Russia also differs from most of Europe in the practice of seed treatment. As the average size of a professional farm in Russia is much higher than that in the EU (about 1,000 ha), most farms require a more complex infrastructure for crop production. In terms of machinery there is still a big need for development, but seed treatment is primarily done on the farm. This is especially valid in cereals crops where 99% of the sowing material is of local production.

The seed-treatment market is growing as well as the competition on it. More farmers sow seeds treated with both fungicide and insecticide products, and trends show the share of complex fungo-insecticide products is growing. This market is still under development in cereals but is dominating in potatoes.

There appears to be a willingness to switch to innovative technology, but several obstacles limit investment. For instance, Russia’s grain storage capacities are limited, and this year, due to record volumes of production, some parts of the country are facing storage problems. This issue is complicated by the export challenges. Although this has little influence on the Southern regions with high yields and easy access to Black Sea ports, Siberia and Ural are limited by low storage capacities. On the other hand, the government’s aim to make Russia as self-sufficient as possible should be supported by the development of infrastructure in the coming years.

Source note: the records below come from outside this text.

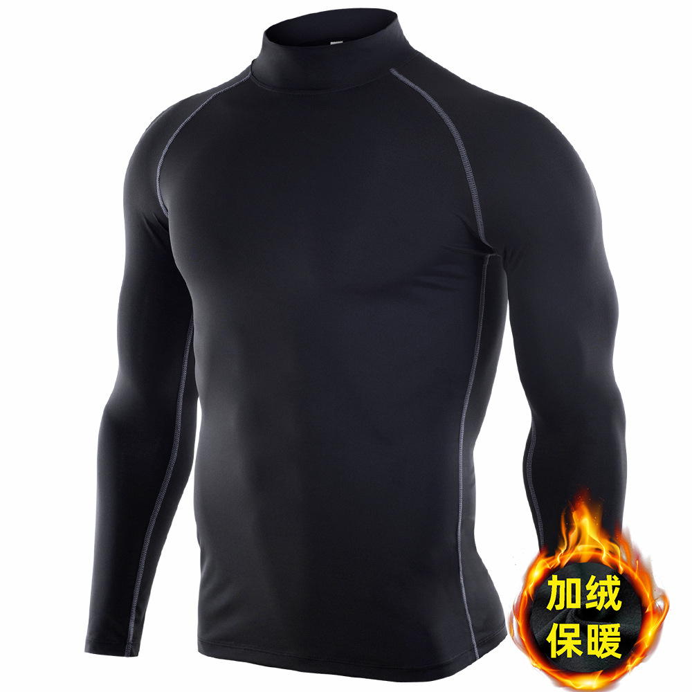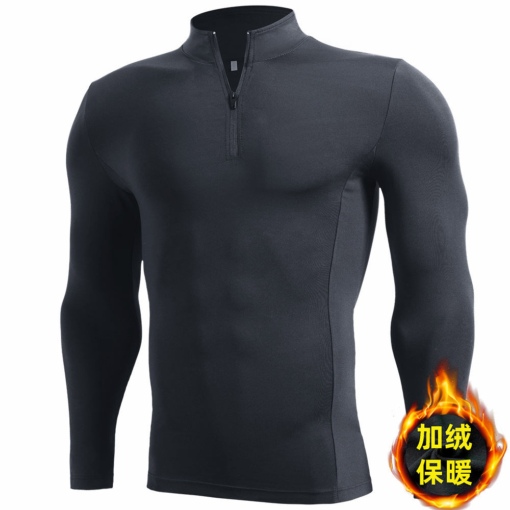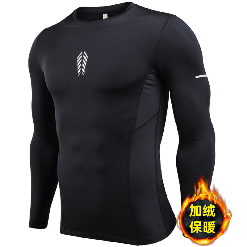 Мужская теплая флисовая спортивная одежда для фитнеса, зимняя эластичная облегающая футболка с длинным рукавом, базовый слой для тренировок и бега.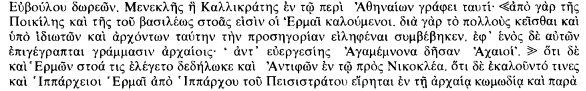 . The other relevant lexical entries are Souda s. v. ‘Ερμαῖ (a condensed version of Harpokration's entry), and Hesykhios s.v.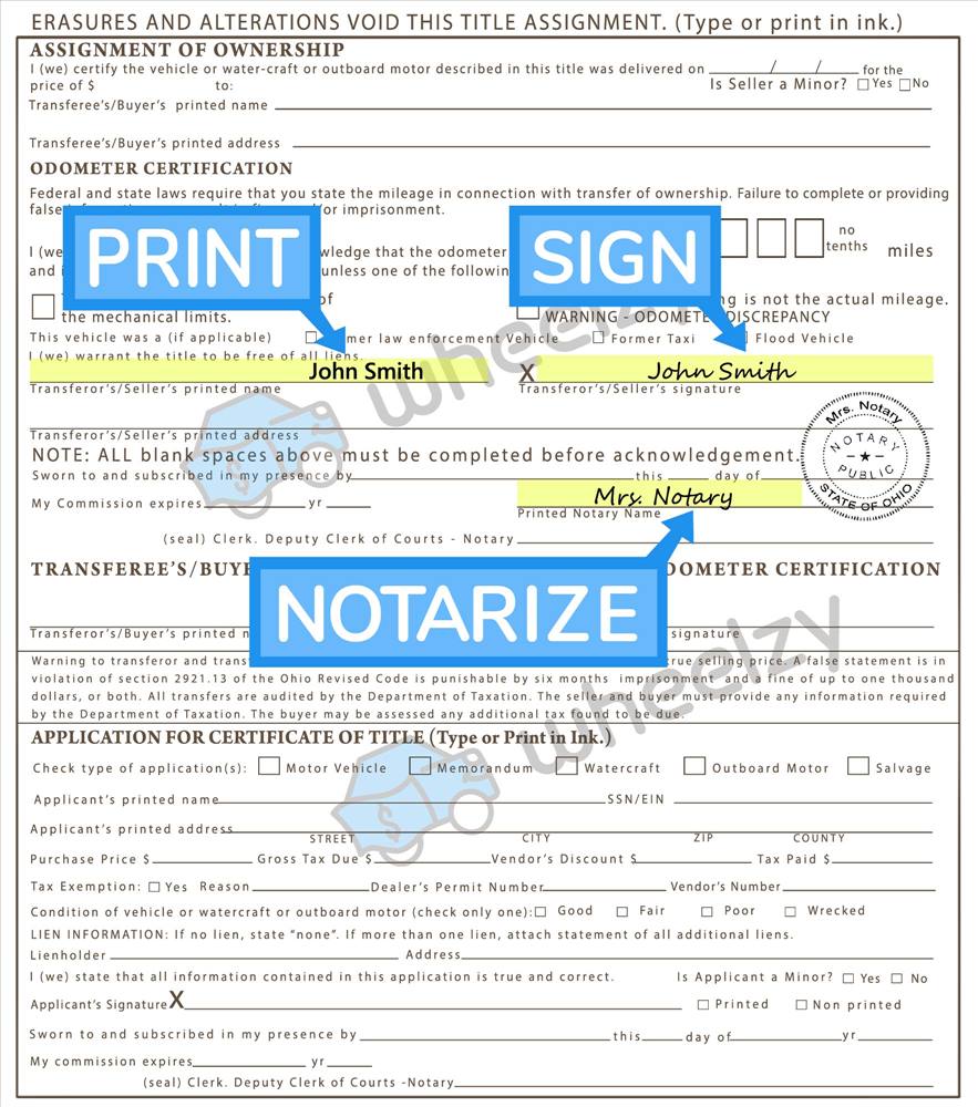 How To Sign Your Car Title In Ohio Including Dmv Title Sample Picture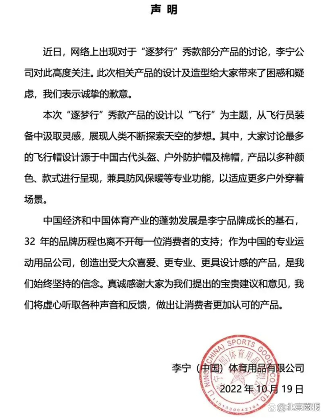 10月19日上午,李宁针对服饰争议发致歉声明:“逐梦行”秀款产品从飞行员装备中汲取灵感。飞行帽设计源于中国古代头盔、户外防护帽及棉帽。公司将虚心听取各种声音和反馈。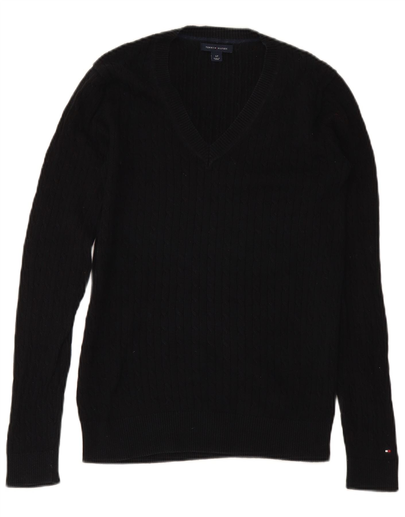 TOMMY HILFIGER Suéter tipo jersey con cuello en V para mujer UK 10 Small Black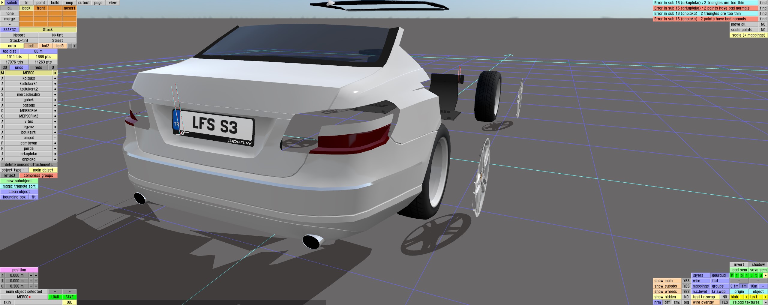 I decided to share a long-standing project here because it has progressed enough. As you all know, as a cruise player, I design cars that everyone frequently encounters for lfs. I am currently working on a Mercedes W212. I will share the progress with you here, feel free to share your ideas and suggestions with me.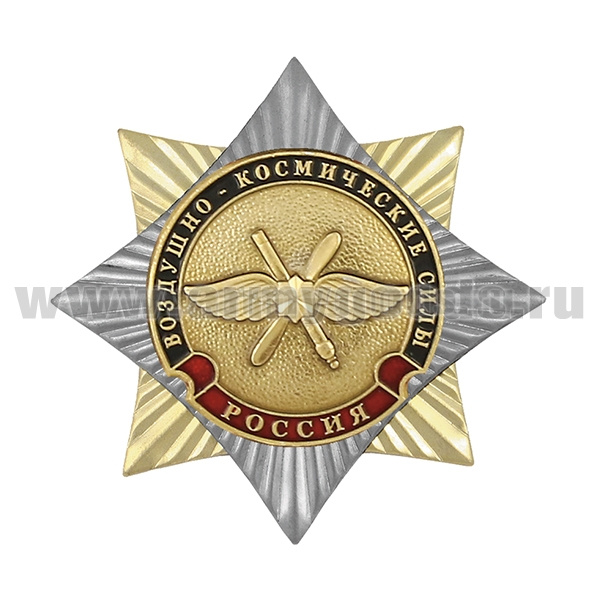 Медаль Стальной черн. крест с красным кантом Воздушно-космические силы (на планке - лента РФ)

Huge Potential — Theoretically
Given the big areas available for cultivation, the opportunities for expanding and intensifying crop protection technology, and the willingness to develop, Russia should be one of the primary markets of interest of international producers. On the other hand, the shadow left by recent economic difficulties has not yet passed, and the political environment is still not clear for multinational companies. In fact, the atmosphere seems to be getting more hostile by the day. The pressure to have multinational companies localize production is in the air along with the import ban on crop protection products, but nothing is decided as of today. All things remaining constant, we can assume that companies that already are in the market will see further growth, but everything else depends on political decisions.